Strukturen, Strategien und Empfehlungen zur Engagementförderung in Ostdeutschland

Zwei gegenläufige Trends prägen die heutige Engagementlandschaft in Ostdeutschland: Auf der einen Seite klagen insbesondere die aus Westdeutschland übertragenen traditionellen Verbände und viele nach der Wiedervereinigung neu gegründeten Vereine über einen Rückgang des Ehrenamtes in ihren Organisationen.

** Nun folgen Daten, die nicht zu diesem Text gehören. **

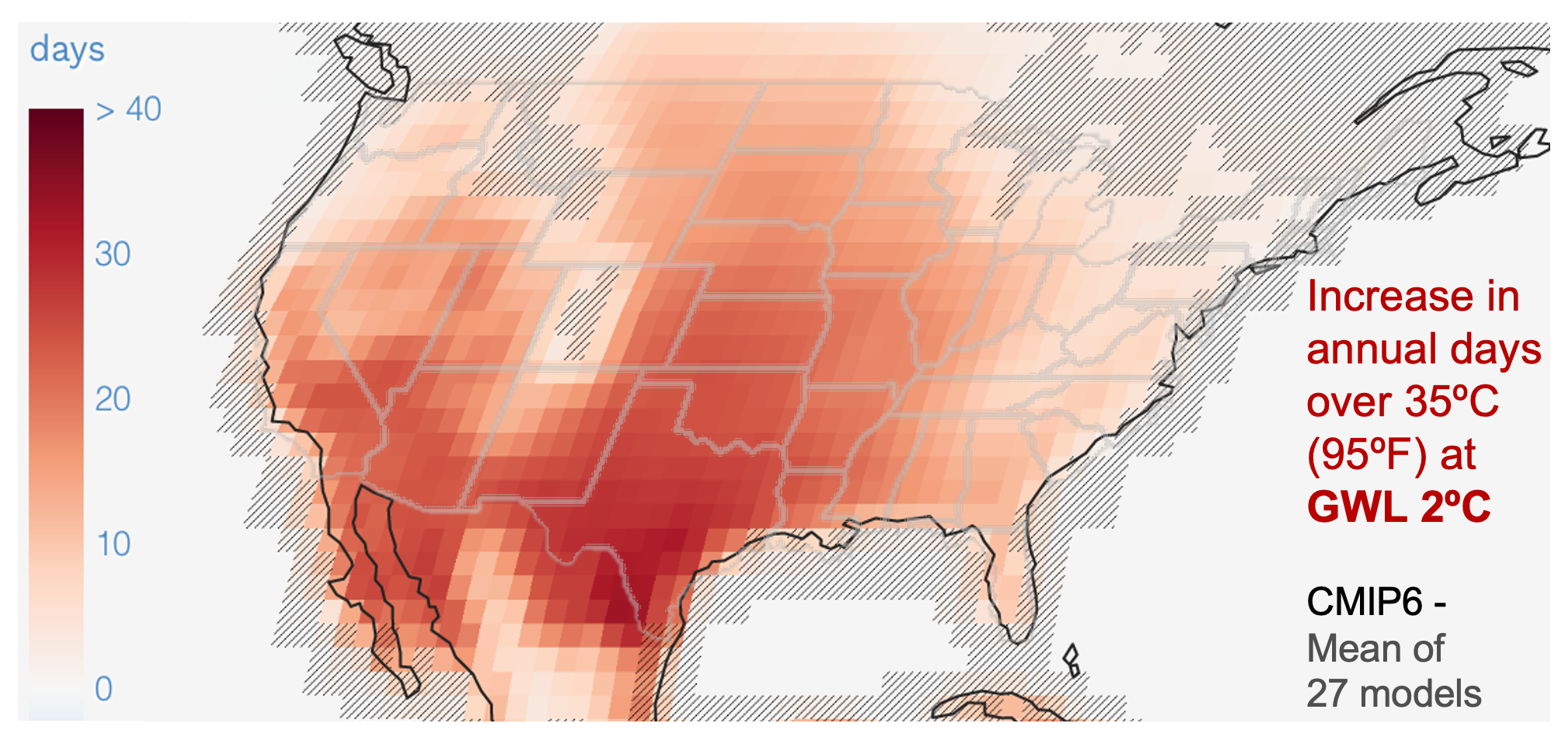 Figure 6.1. Example of a Global Warming Level (GWL) analysis: Projected future increase in the number of days per year over 35°C (95°F) at a GWL of 2°C, based on the mean projection from 27 CMIP6 models. (Source: Modified from IPCC WGI Interactive Atlas)
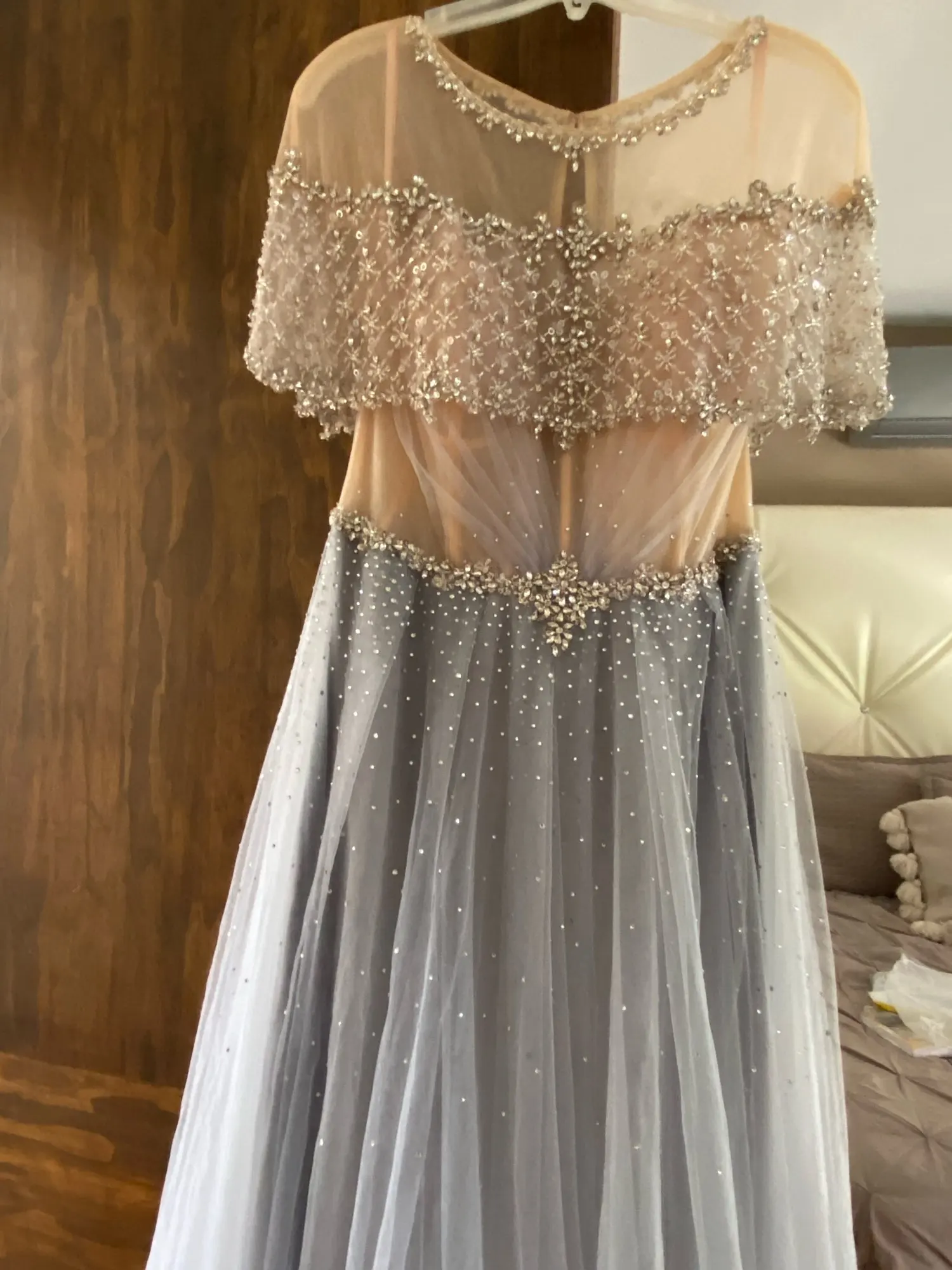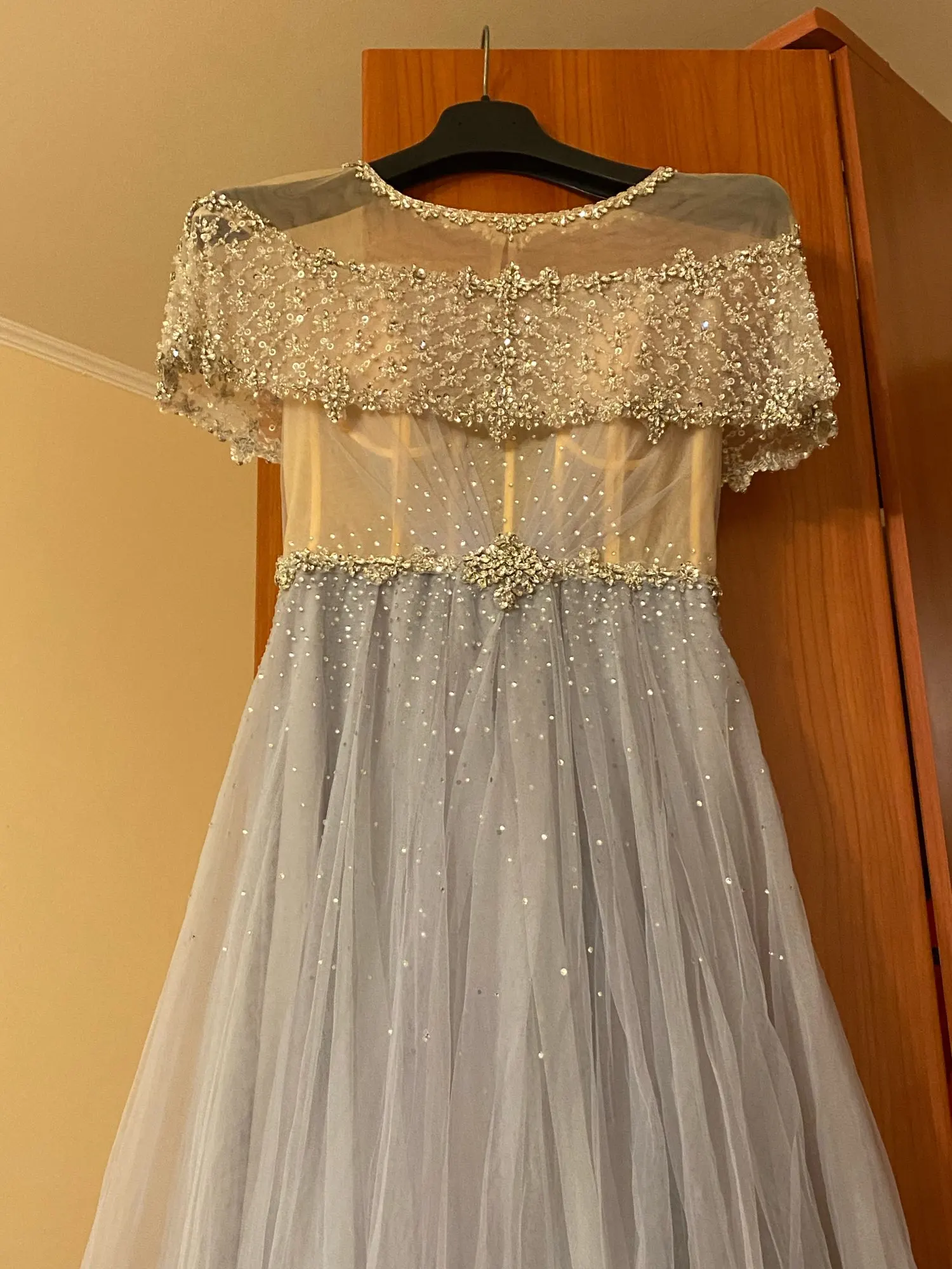Платье шикарное! Но продавец очень плотно упаковал товар, открыть без помощи острого предмета было просто нереально.... в итоге как ни старалась аккуратно, все равно дырка на платье. Обидно до слез

Auf der anderen Seite entstehen vielerorts neue Vereine, junge Initiativen und Einrichtungen zur Engagementförderung, die projekt-, themen- und anlassbezogen eine wachsende Zahl freiwillig Engagierter gewinnen. Während die Engagementbereitschaft besonders in Krisenzeiten sehr hoch ist, finden viele Menschen in Ostdeutschland noch zu wenig Möglichkeiten, die vielfältigen gesellschaftlichen Herausforderungen durch ihr Engagement aktiv anzugehen. Hier zeigt sich, wie notwendig eine funktionierende Infrastruktur zur Engagementförderung ist. Die Stiftung Bürger für Bürger und die Deutsche Stiftung für Engagement und Ehrenamt haben diese Trends und Entwicklungen im Rahmen einer Studie analysiert. Olaf Ebert und Holger Krimmer stellen die wichtigsten Ergebnisse und Erkenntnisse der Studie vor.